Required action: I'd like the full listing transcribed exactly, with no images included.

Dataset excerpt:
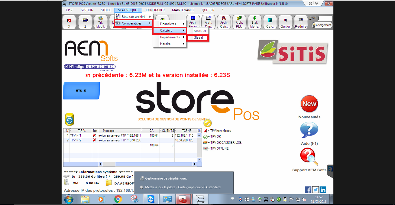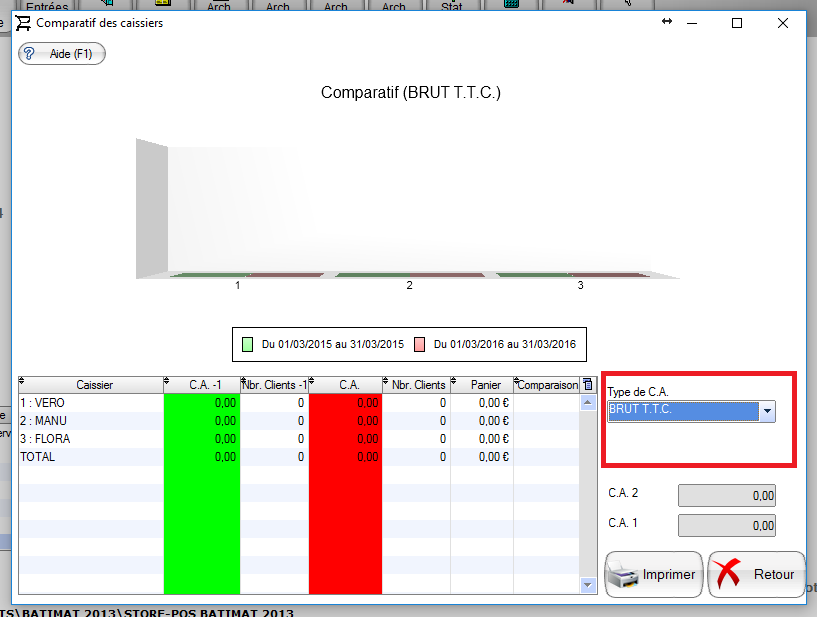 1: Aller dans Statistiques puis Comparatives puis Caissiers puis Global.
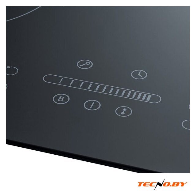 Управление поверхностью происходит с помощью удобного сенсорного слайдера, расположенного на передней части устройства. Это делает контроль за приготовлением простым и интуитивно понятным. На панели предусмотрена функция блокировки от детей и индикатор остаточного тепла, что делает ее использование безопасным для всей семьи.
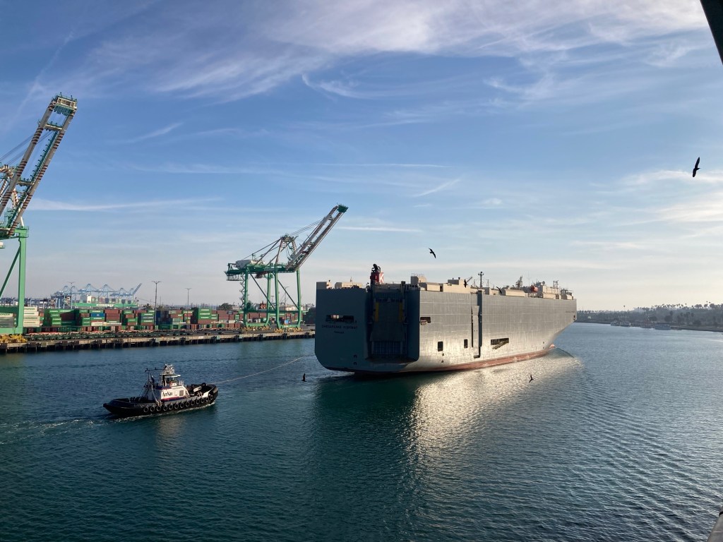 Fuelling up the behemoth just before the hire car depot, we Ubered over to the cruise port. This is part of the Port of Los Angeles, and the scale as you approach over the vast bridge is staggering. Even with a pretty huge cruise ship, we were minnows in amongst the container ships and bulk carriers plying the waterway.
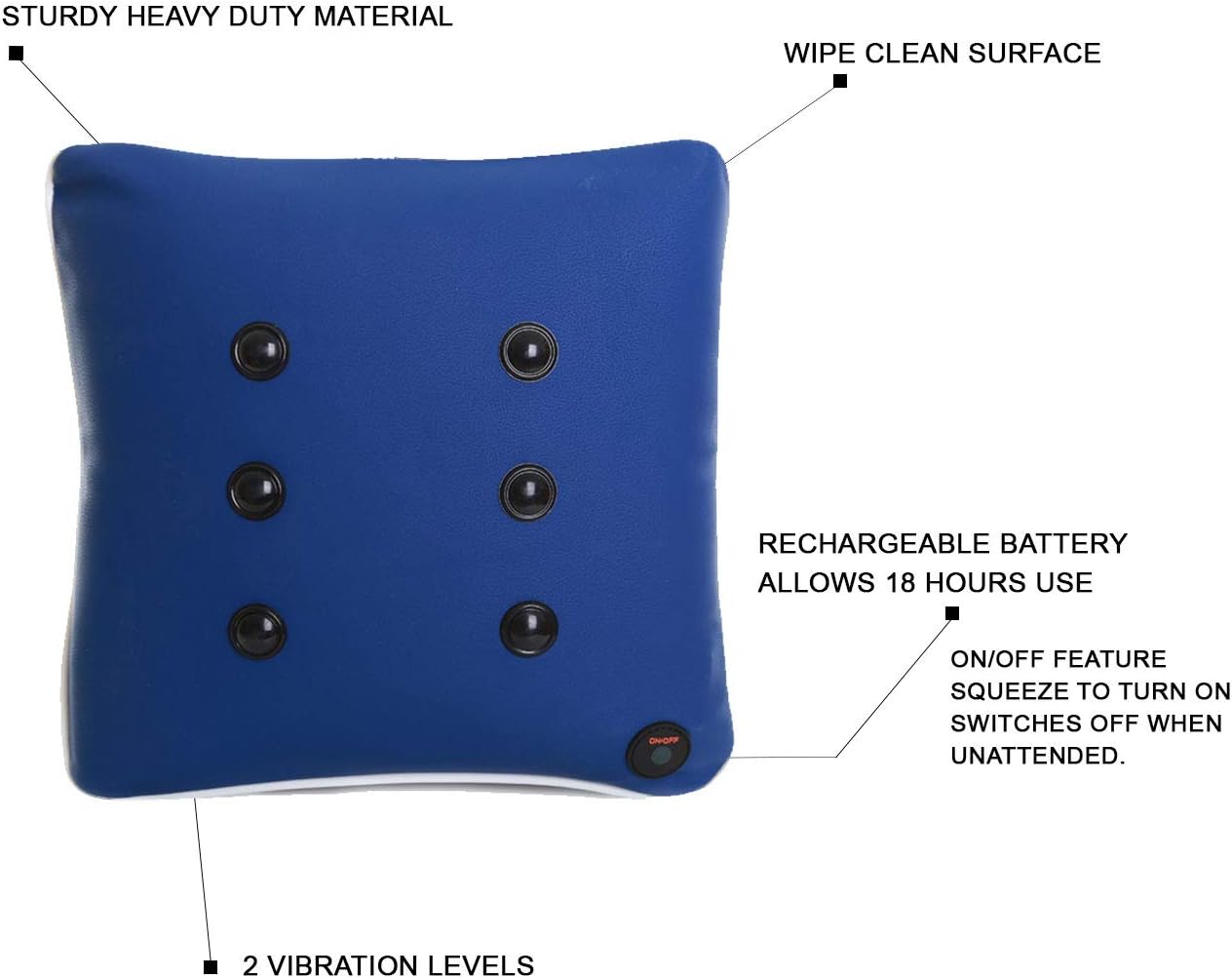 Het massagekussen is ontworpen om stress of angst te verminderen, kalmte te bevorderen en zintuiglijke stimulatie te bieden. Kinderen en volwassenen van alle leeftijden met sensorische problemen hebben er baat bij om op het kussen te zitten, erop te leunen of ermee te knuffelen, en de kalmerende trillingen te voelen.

Result for this exercise:
 1: Aller dans Statistiques puis Comparatives puis Caissiers puis Global.
 Управление поверхностью происходит с помощью удобного сенсорного слайдера, расположенного на передней части устройства. Это делает контроль за приготовлением простым и интуитивно понятным. На панели предусмотрена функция блокировки от детей и индикатор остаточного тепла, что делает ее использование безопасным для всей семьи.
 Fuelling up the behemoth just before the hire car depot, we Ubered over to the cruise port. This is part of the Port of Los Angeles, and the scale as you approach over the vast bridge is staggering. Even with a pretty huge cruise ship, we were minnows in amongst the container ships and bulk carriers plying the waterway.
 Het massagekussen is ontworpen om stress of angst te verminderen, kalmte te bevorderen en zintuiglijke stimulatie te bieden. Kinderen en volwassenen van alle leeftijden met sensorische problemen hebben er baat bij om op het kussen te zitten, erop te leunen of ermee te knuffelen, en de kalmerende trillingen te voelen.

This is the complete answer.